> _TASK BRIEF_
For the data that follows, print the line with "Монгольский флот располагался", the line with "RARE VINTAGE 1980s", and all lines between them, exactly as they stand. Omit pictures and add nothing.

> _SUPPLIED ENTRIES_
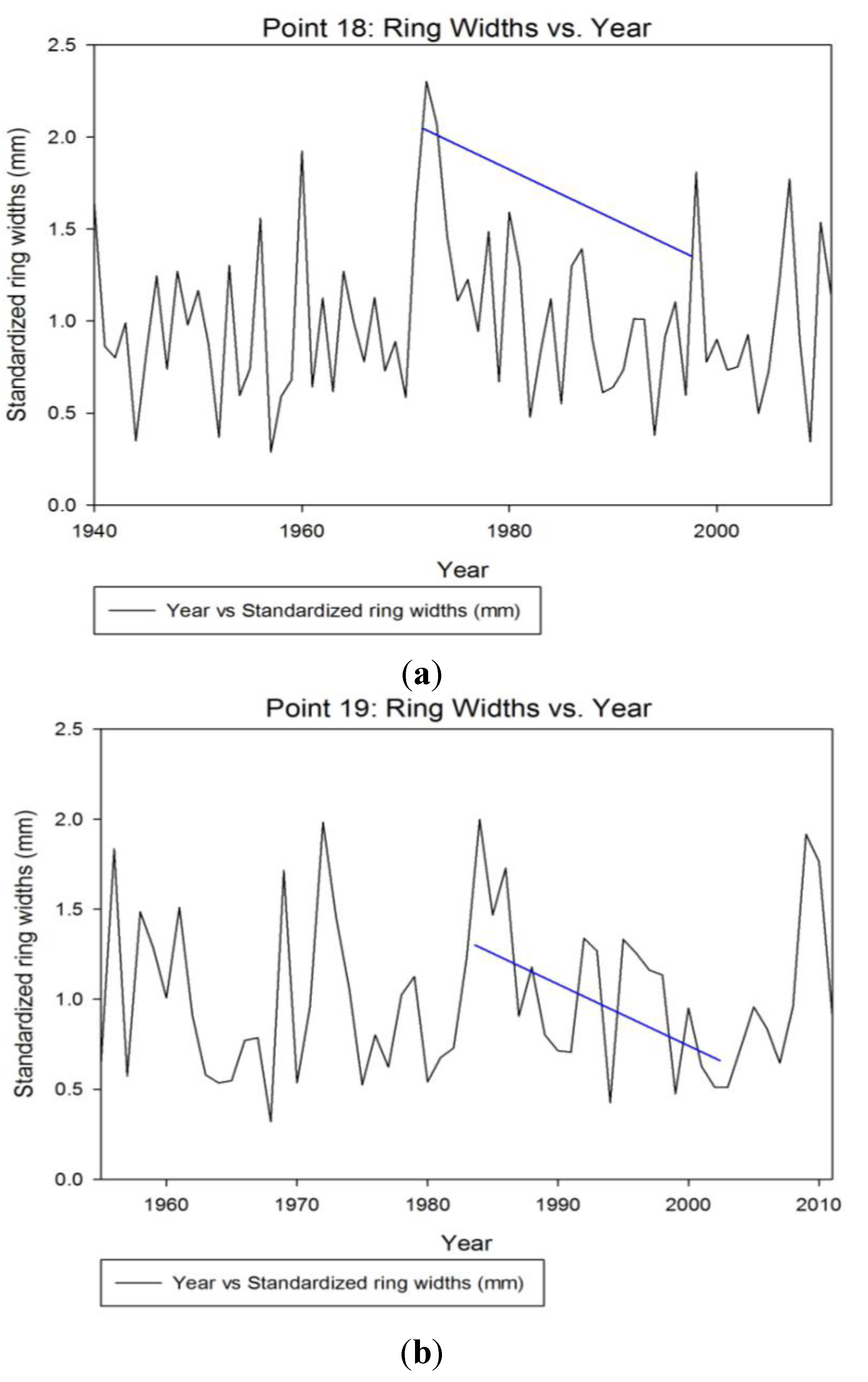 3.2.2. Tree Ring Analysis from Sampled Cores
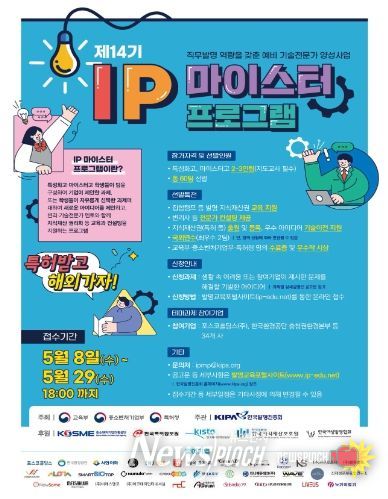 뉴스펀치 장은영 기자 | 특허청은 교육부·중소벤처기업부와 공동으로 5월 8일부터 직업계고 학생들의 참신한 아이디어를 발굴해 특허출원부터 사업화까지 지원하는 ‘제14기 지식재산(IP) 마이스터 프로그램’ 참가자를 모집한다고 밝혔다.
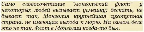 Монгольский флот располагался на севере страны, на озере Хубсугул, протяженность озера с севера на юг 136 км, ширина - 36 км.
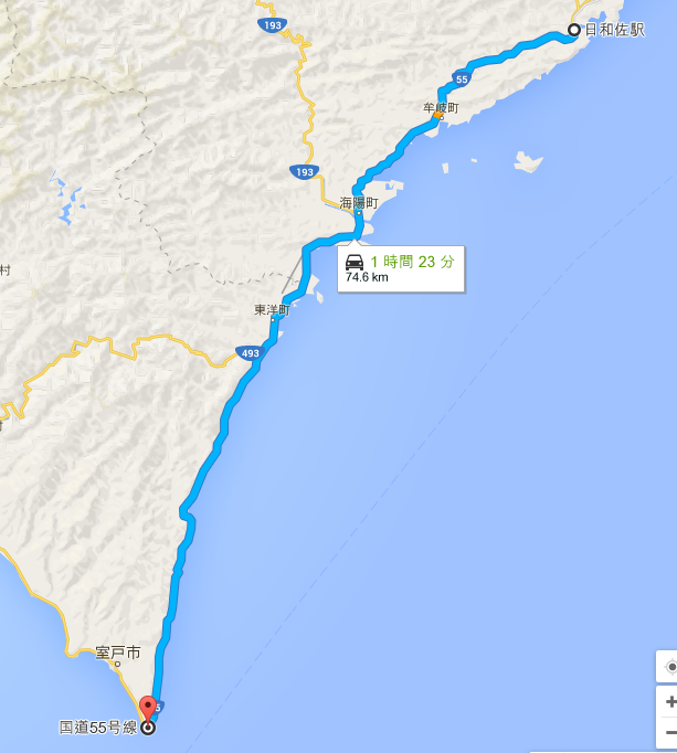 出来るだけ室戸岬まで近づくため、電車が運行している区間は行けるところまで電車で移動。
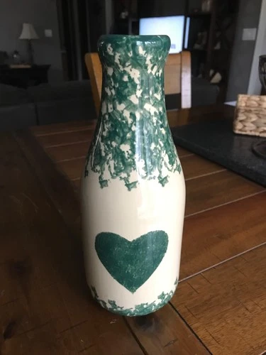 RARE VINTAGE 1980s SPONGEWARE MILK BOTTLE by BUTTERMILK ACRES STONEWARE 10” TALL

==

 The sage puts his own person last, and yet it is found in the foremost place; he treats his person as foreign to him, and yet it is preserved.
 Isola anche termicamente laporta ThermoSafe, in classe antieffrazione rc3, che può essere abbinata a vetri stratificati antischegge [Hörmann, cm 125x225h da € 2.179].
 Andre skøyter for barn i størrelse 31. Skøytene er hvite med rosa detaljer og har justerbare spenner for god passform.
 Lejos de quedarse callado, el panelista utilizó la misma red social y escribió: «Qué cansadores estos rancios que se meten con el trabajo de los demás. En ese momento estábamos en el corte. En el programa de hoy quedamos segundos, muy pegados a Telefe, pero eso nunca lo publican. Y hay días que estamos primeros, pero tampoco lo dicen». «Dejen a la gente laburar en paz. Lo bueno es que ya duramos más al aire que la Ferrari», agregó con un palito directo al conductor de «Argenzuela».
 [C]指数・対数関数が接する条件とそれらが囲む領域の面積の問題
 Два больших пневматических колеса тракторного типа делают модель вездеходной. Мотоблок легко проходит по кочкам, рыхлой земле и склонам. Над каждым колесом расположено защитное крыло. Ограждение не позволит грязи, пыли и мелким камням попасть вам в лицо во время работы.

> _OUTPUT_
 Монгольский флот располагался на севере страны, на озере Хубсугул, протяженность озера с севера на юг 136 км, ширина - 36 км.
 出来るだけ室戸岬まで近づくため、電車が運行している区間は行けるところまで電車で移動。
 RARE VINTAGE 1980s SPONGEWARE MILK BOTTLE by BUTTERMILK ACRES STONEWARE 10” TALL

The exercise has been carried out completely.